A Comparison of the Cognitive Profiles of Children with Attention Deficit/Hyperactivity Disorder Receiving Pharmacotherapy and Those Not Receiving Pharmacotherapy in Wechsler Intelligence Scales-Forth Edition
Abasian Maryam1, Pour Shahbaz Abbas2, *, Abasian Mahboubeh2, Saffarian Zahra2, Abasi Imane2, Abasian Masoumeh3
1Clinical psychology, faculty of humanities, Sari Islamic Azad University, Sari, Iran
2Clinical psychology, clinical psychology department, Rehabilitation and Social Welfare University, Tehran, Iran
3Medical school, Shahrood Islamic Azad University, Shahrood, Iran
To cite this article:
Abasian Maryam, Pour Shahbaz Abbas, Abasian Mahboubeh, Saffarian Zahra, Abasi Imane, Abasian Masoumeh. A Comparison of the Cognitive Profiles of Children with Attention Deficit/Hyperactivity Disorder Receiving Pharmacotherapy and Those not Receiving Pharmacotherapy in Wechsler Intelligence Scales-Forth Edition. American Journal of Applied Psychology. Vol. 4, No. 3, 2015, pp. 61-65. doi: 10.11648/j.ajap.20150403.13
Abstract: The first group of psychiatric treatments for children with attention deficit/hyperactivity disorder (ADHD) is stimulant drug such as methylphenidate. The aim of this study is investigating cognitive profile in ADHD children who are using medicated treatment and no medicated treatment, in WISC IV. Participants are 29 ADHD children (13 no medicated and 16 medicated) and 25 normal children. The sampling method is convenient. Children were 7 to 12 years old. Result showed significant differences between ADHD group who uses medication and those who don’t, and normal and ADHD groups who don’t use medication in verbal comprehension and processing indexes. In perceptual reasoning index, there was significant difference between normal group and ADHD group in using medication, also in working memory index there were no significant differences between ADHD groups (with and without medication use). Using medical treatment and changing in the process of disorder toward normal function in children with ADHD following it, can be an evidence of neurological problems in these children.

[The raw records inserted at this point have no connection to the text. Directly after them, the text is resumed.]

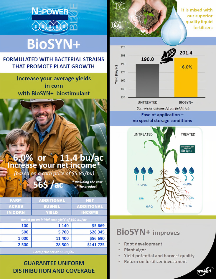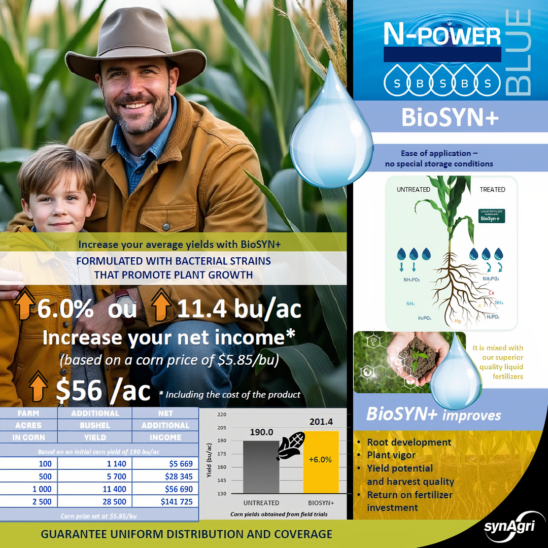 Enhance Your Soil Fertility with N-Power Blue BioSYN+! 👉 Contact a representative to learn more! 👉 https://www.synagri.ca/en/contact/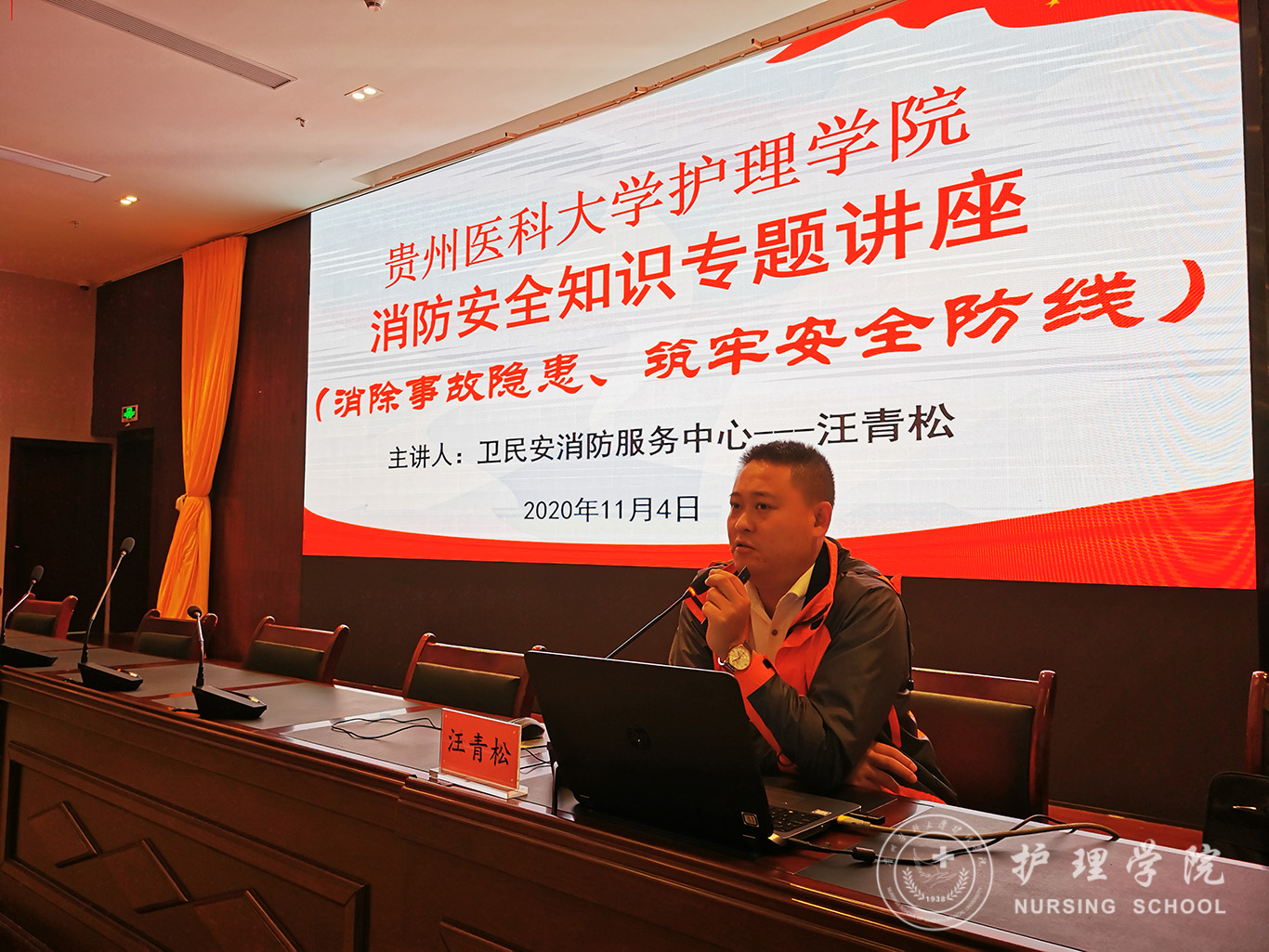 为进一步提高全体师生的消防意识和应急反应能力, 11月4日,乐天使在南校区道德讲堂开展了“消防安全宣传月”主题党日活动。本次活动特别邀请了贵阳卫民安消防知识宣传中心宣教部汪青松主任为乐天使全体教职工和员工做了《消防安全知识专题——消除事故隐患,筑牢安全防线》讲座。活动由教职工党支部张仁莉同志主持。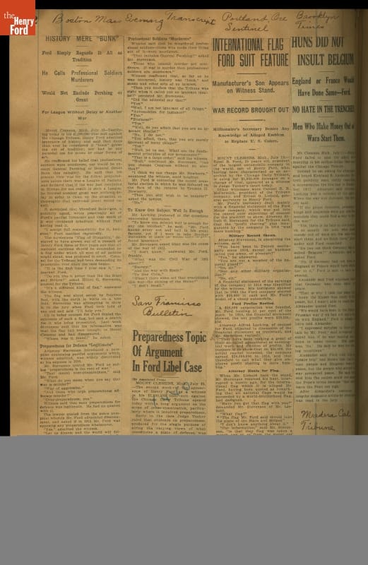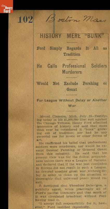 Henry Ford sued the Chicago Tribune for defaming his reputation with the headline "Ford is an Anarchist." During the trial in 1919, Ford's famous quote, "history is more or less bunk," was used to mock him. Henry Ford was not ignorant of history, but opinionated about it. To him, technology and everyday life were more important than war and politics.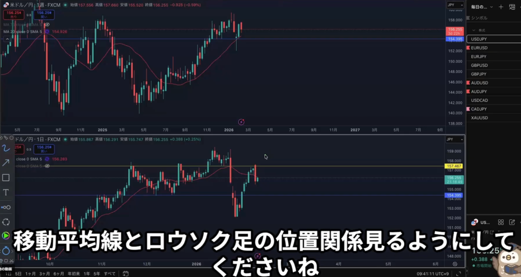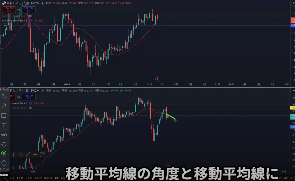 MAの角度とローソク足に対してMAがどちら側にあるのかなど位置関係を常に意識しておく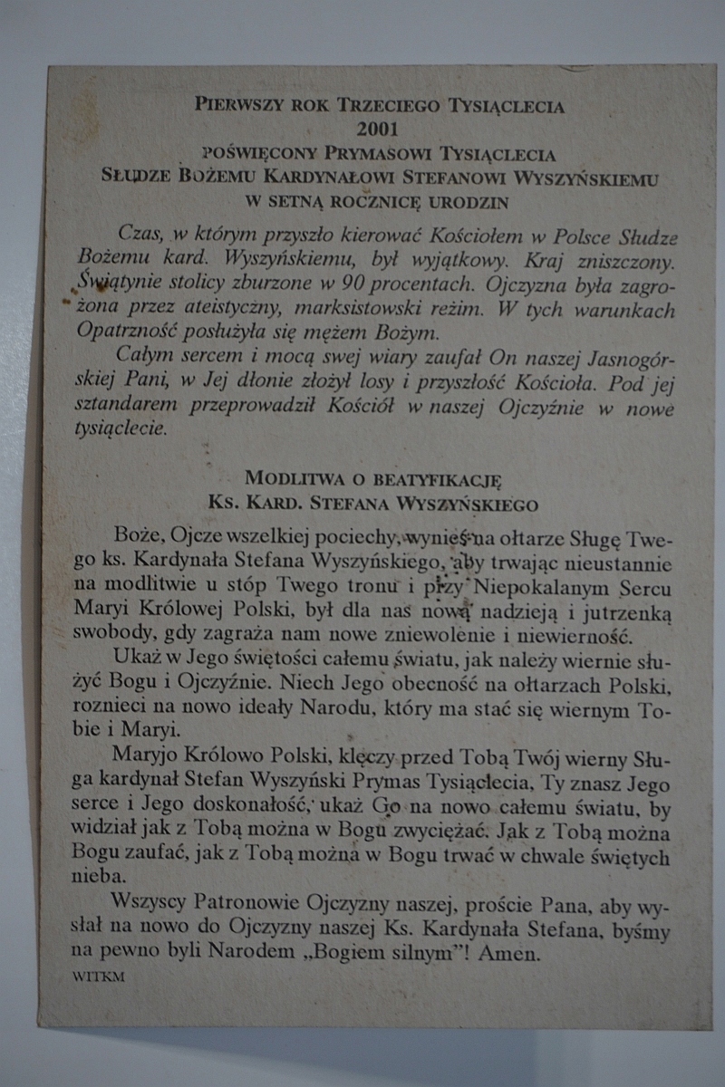 ЛИСТІВКА КАРДИНАЛА ВИШИНСЬКОГО ПРЕДСТАВНИКА МИЛЕНІЯ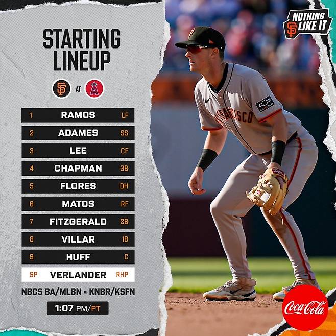 샌프란시스코는 21일(이하 한국시간) 미국 캘리포니아주 애너하임의 에인절 스타디움에서 열릴 2025 메이저리그(MLB) 정규시즌 LA 에인절스와 원정 경기를 앞두고 선발 라인업을 발표했다.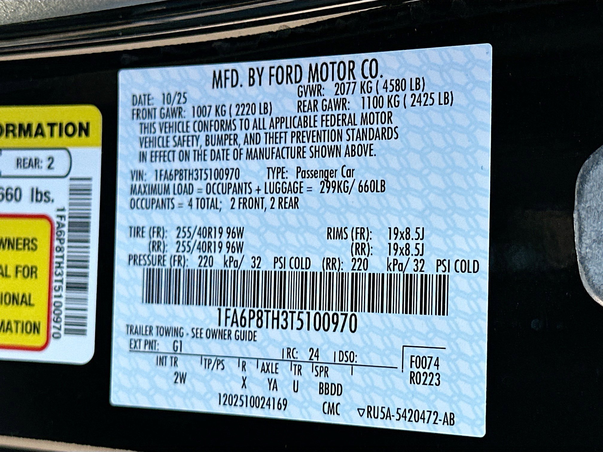 Trunk Rear Cargo Access, Trip Computer, Transmission: 10-Speed Automatic -inc: selectable drive modes, Transmission w/Driver Selectable Mode and Sequential Shift Control, Tires: 235/50ZR18 BSW AS, Tire Specific Low Tire Pressure Warning, SYNC 4 -inc: enhanced voice recognition, information on demand panel, 13.2 LCD capacitive touchscreen w/swipe capability, SYNC 4 AppLink, 911 Assist, wireless Apple CarPlay and Android Auto compatibility, digital owner's manual, conversational voice recognition and 2 smart charging USB ports, Strut Front Suspension w/Coil Springs, Streaming Audio, Speed Sensitive Rain Detecting Variable Intermittent Wipers.

Keywords: Attention Deficit/ Hyperactivity Disorder, Medicated, No Medicated, WISC-IV
Attention Deficit/Hyperactivity Disorder is one of the most common neurobehavioral disorders in childhood that it`s symptoms may continue to adolescence and adulthood. This disorder is determined with symptoms of inattention and/or hyperactivity-impulsivity. Children with ADHD disorder may have adjustment problems because their functional levels and behaviors may not correspond to their chronological age (Biederman, Mick, & Faraone, 2000; Homer et al., 2000). The prevalence of ADHD in general population varies from 3% to 7% ("International Consensus Statement on ADHD," 2002).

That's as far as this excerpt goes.